Miss Kirkbride: To ask the Secretary of State for Foreign and Commonwealth Affairs if the constitutional arrangements agreed between the UK and the Irish Republic involving joint decision-making in the affairs of Northern Ireland are being used as a model for the future constitutional status of Gibraltar. 
Peter Hain: I refer the hon. Member to the answer I gave to my hon. Friend the Member for Knowsley, South (Mr. O'Hara) on 20 November 2001, Official Report, column 187W. A copy of the joint press communiqué issued by my right hon. Friend the Secretary of State and the Spanish Minister for Foreign Affairs when they met under the Brussels Process in Barcelona on 20 November has been placed in the Libraries of the House.
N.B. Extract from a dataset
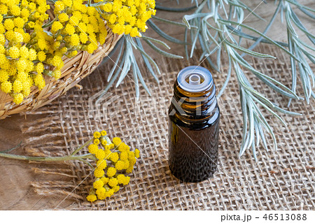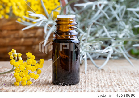 A bottle of helichrysum essential oil with fresh
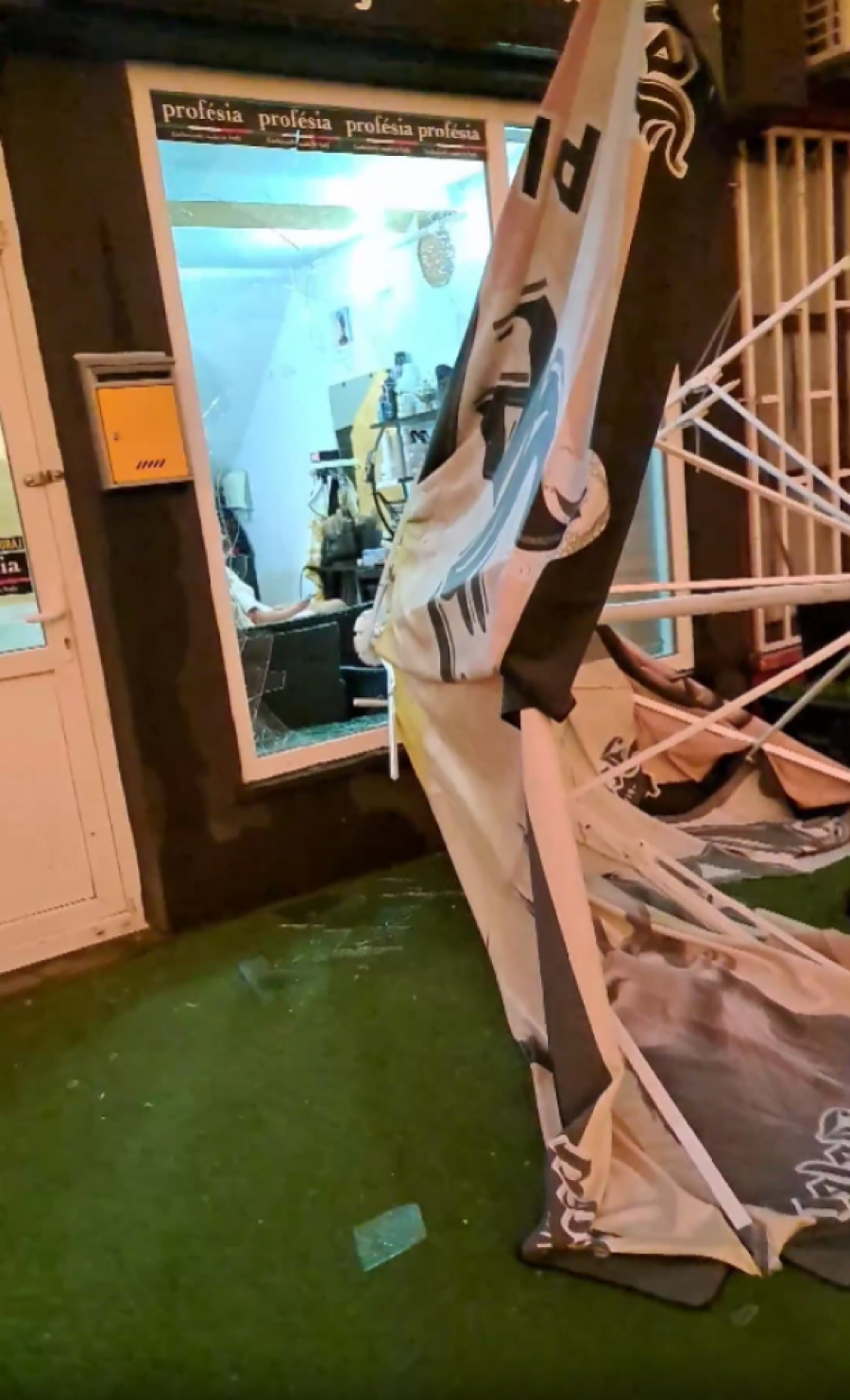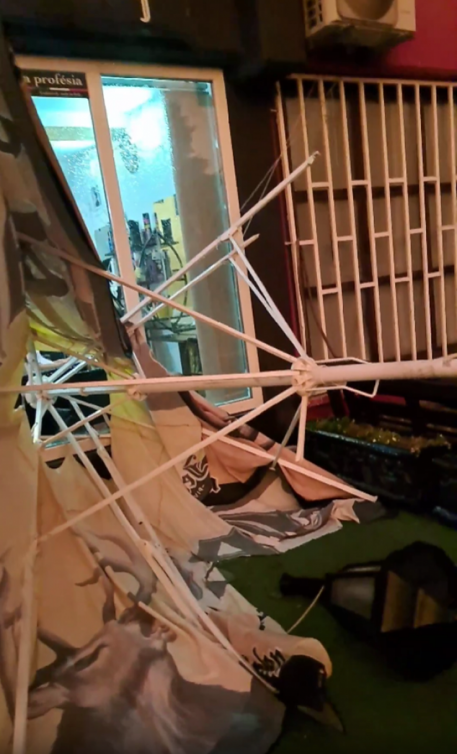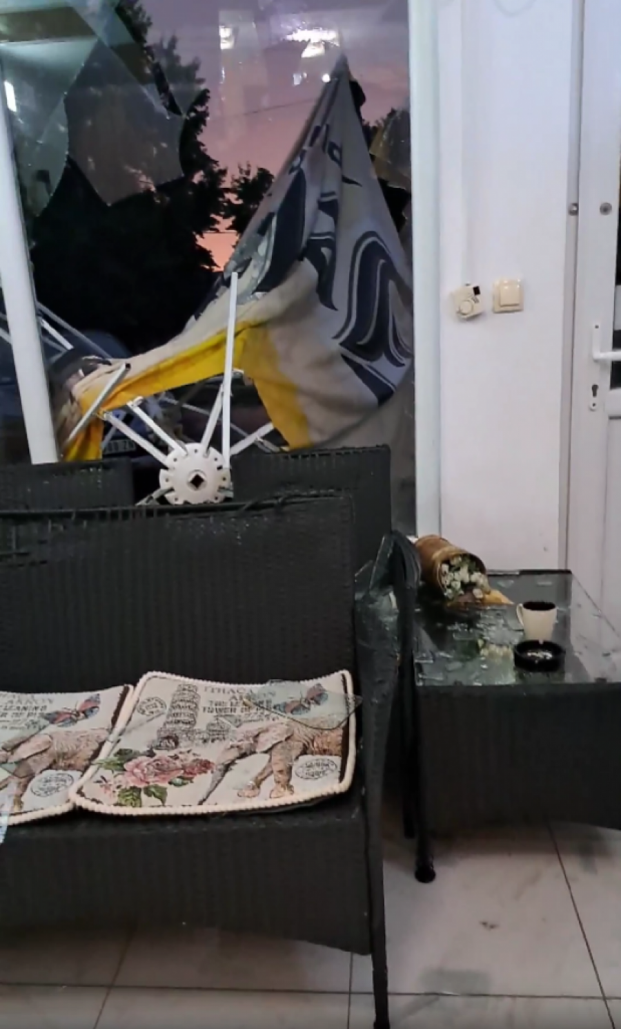 Superćelijska oluja uništila popriličan deo imovine. Naime, jak vetar, koji je lomio drveće, čupao krovove i nosio sve pred sobom, srušio je i suncobran ispred njenog salona koji je pao na izlog.

The Ministers discussed the full range of issues set out in the November 1984 Brussels Communiqué. Their discussions did not include the relevance of the Northern Ireland constitutional model to Gibraltar.
Miss Kirkbride: To ask the Secretary of State for Foreign and Commonwealth Affairs if an agreement to offer Spain any joint decision-making over the affairs of Gibraltar will be put to a referendum of the people of Gibraltar. 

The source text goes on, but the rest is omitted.